Recorded data Start Marker

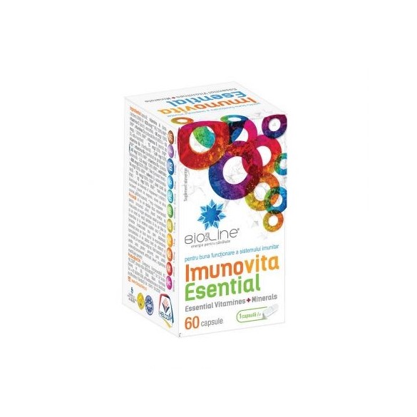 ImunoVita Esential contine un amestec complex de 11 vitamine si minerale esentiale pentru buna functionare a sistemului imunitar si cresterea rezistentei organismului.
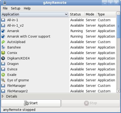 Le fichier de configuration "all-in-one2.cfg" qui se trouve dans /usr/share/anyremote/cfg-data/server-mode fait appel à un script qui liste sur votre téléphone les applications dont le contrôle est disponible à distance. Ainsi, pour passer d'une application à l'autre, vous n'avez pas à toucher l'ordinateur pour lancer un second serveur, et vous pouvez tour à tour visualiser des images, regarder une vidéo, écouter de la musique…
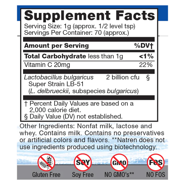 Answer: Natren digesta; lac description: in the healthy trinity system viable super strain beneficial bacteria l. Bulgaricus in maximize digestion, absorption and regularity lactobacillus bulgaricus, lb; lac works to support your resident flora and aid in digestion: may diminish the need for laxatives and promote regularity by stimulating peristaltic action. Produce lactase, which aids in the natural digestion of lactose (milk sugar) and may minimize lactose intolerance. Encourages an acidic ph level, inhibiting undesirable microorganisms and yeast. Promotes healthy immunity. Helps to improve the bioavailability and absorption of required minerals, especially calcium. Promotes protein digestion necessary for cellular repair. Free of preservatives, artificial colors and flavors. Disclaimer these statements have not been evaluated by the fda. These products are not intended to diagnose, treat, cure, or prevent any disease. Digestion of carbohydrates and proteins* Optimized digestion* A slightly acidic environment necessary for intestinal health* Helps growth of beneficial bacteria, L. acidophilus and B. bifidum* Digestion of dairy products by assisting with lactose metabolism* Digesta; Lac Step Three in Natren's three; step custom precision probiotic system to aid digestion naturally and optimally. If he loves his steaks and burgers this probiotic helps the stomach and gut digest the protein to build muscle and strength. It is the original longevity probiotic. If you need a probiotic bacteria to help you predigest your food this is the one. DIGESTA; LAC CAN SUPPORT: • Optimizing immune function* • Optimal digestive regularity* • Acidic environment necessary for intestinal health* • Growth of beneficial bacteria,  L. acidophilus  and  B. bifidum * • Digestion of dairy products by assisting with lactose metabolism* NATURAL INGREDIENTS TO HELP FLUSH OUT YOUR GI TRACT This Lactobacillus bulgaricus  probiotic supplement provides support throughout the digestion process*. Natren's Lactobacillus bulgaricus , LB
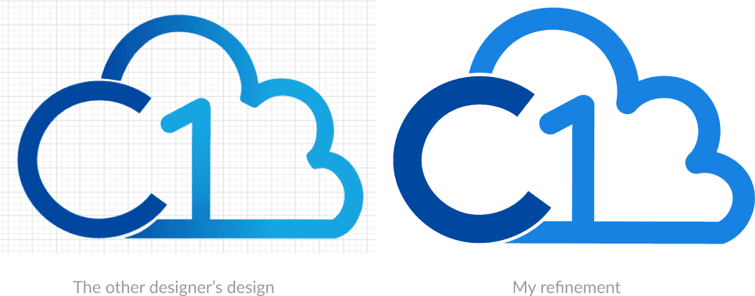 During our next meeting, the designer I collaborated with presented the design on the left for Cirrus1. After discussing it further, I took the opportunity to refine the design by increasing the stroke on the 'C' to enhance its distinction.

Recorded data End Marker

■ Exercise
When copying the data above, repeat every word exactly and drop the pictures.

■ Response to this task
 ImunoVita Esential contine un amestec complex de 11 vitamine si minerale esentiale pentru buna functionare a sistemului imunitar si cresterea rezistentei organismului.
 Le fichier de configuration "all-in-one2.cfg" qui se trouve dans /usr/share/anyremote/cfg-data/server-mode fait appel à un script qui liste sur votre téléphone les applications dont le contrôle est disponible à distance. Ainsi, pour passer d'une application à l'autre, vous n'avez pas à toucher l'ordinateur pour lancer un second serveur, et vous pouvez tour à tour visualiser des images, regarder une vidéo, écouter de la musique…
 Answer: Natren digesta; lac description: in the healthy trinity system viable super strain beneficial bacteria l. Bulgaricus in maximize digestion, absorption and regularity lactobacillus bulgaricus, lb; lac works to support your resident flora and aid in digestion: may diminish the need for laxatives and promote regularity by stimulating peristaltic action. Produce lactase, which aids in the natural digestion of lactose (milk sugar) and may minimize lactose intolerance. Encourages an acidic ph level, inhibiting undesirable microorganisms and yeast. Promotes healthy immunity. Helps to improve the bioavailability and absorption of required minerals, especially calcium. Promotes protein digestion necessary for cellular repair. Free of preservatives, artificial colors and flavors. Disclaimer these statements have not been evaluated by the fda. These products are not intended to diagnose, treat, cure, or prevent any disease. Digestion of carbohydrates and proteins* Optimized digestion* A slightly acidic environment necessary for intestinal health* Helps growth of beneficial bacteria, L. acidophilus and B. bifidum* Digestion of dairy products by assisting with lactose metabolism* Digesta; Lac Step Three in Natren's three; step custom precision probiotic system to aid digestion naturally and optimally. If he loves his steaks and burgers this probiotic helps the stomach and gut digest the protein to build muscle and strength. It is the original longevity probiotic. If you need a probiotic bacteria to help you predigest your food this is the one. DIGESTA; LAC CAN SUPPORT: • Optimizing immune function* • Optimal digestive regularity* • Acidic environment necessary for intestinal health* • Growth of beneficial bacteria,  L. acidophilus  and  B. bifidum * • Digestion of dairy products by assisting with lactose metabolism* NATURAL INGREDIENTS TO HELP FLUSH OUT YOUR GI TRACT This Lactobacillus bulgaricus  probiotic supplement provides support throughout the digestion process*. Natren's Lactobacillus bulgaricus , LB
 During our next meeting, the designer I collaborated with presented the design on the left for Cirrus1. After discussing it further, I took the opportunity to refine the design by increasing the stroke on the 'C' to enhance its distinction.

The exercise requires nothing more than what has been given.